Requirement:
Transcribe word for word the section of the records below that opens with the line containing "- prízemného podlažia, na" and closes with the line containing "Đây là một token"; drop every picture.

====== Input records

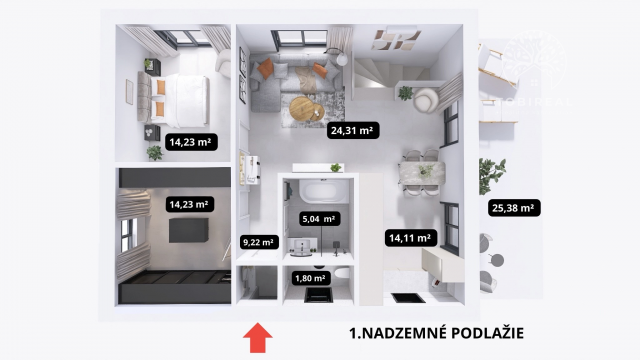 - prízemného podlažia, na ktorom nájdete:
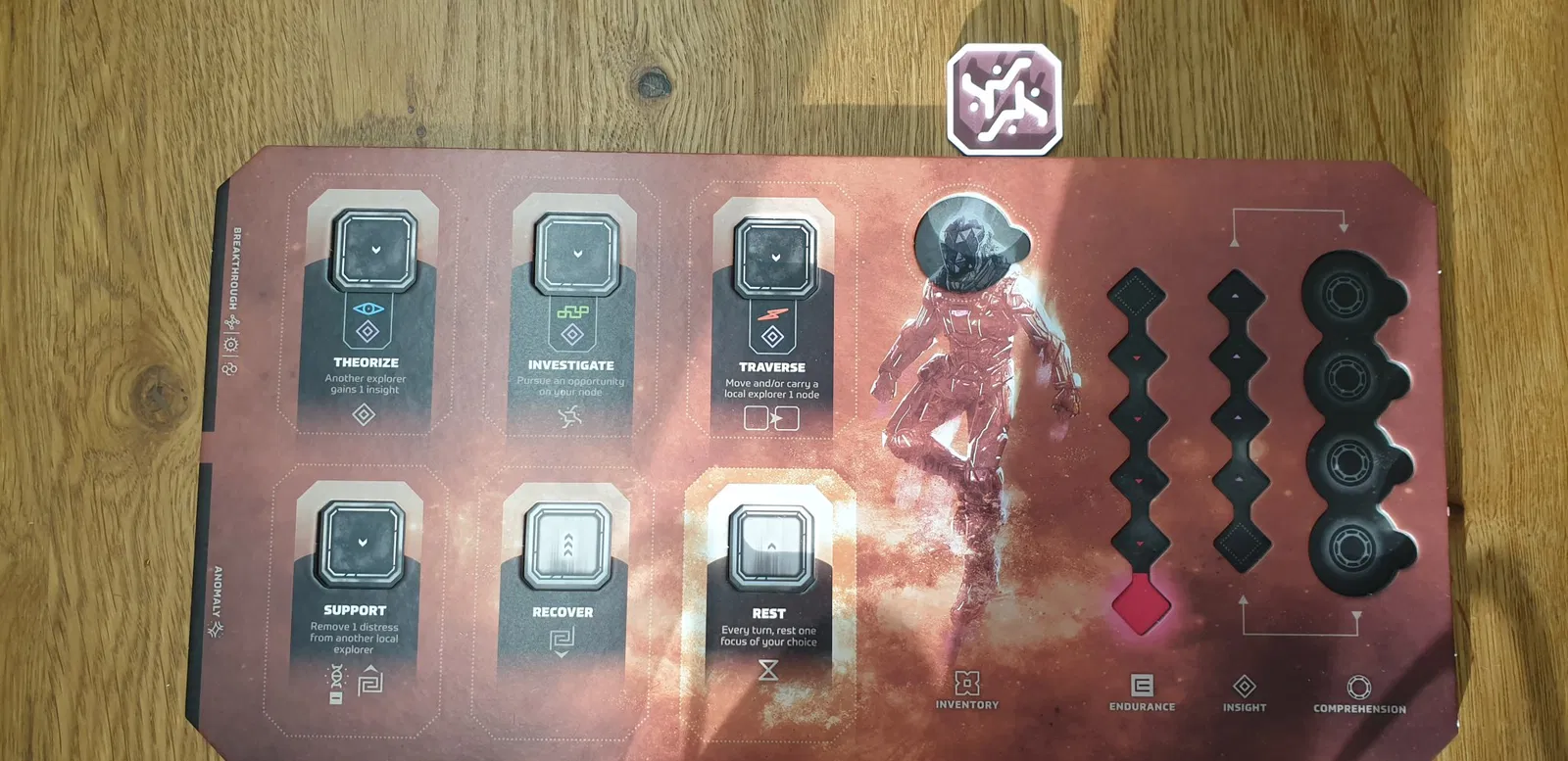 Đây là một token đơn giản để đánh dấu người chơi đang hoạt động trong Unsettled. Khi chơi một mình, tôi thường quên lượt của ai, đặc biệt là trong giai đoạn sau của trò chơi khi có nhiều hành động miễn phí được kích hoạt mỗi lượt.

============
====== Input records

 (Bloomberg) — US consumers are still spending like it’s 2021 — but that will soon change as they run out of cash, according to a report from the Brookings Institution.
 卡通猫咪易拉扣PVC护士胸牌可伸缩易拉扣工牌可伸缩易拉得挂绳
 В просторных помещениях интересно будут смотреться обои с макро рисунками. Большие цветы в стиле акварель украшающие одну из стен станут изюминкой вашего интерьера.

============

Exercise answer:
 - prízemného podlažia, na ktorom nájdete:
 Đây là một token đơn giản để đánh dấu người chơi đang hoạt động trong Unsettled. Khi chơi một mình, tôi thường quên lượt của ai, đặc biệt là trong giai đoạn sau của trò chơi khi có nhiều hành động miễn phí được kích hoạt mỗi lượt.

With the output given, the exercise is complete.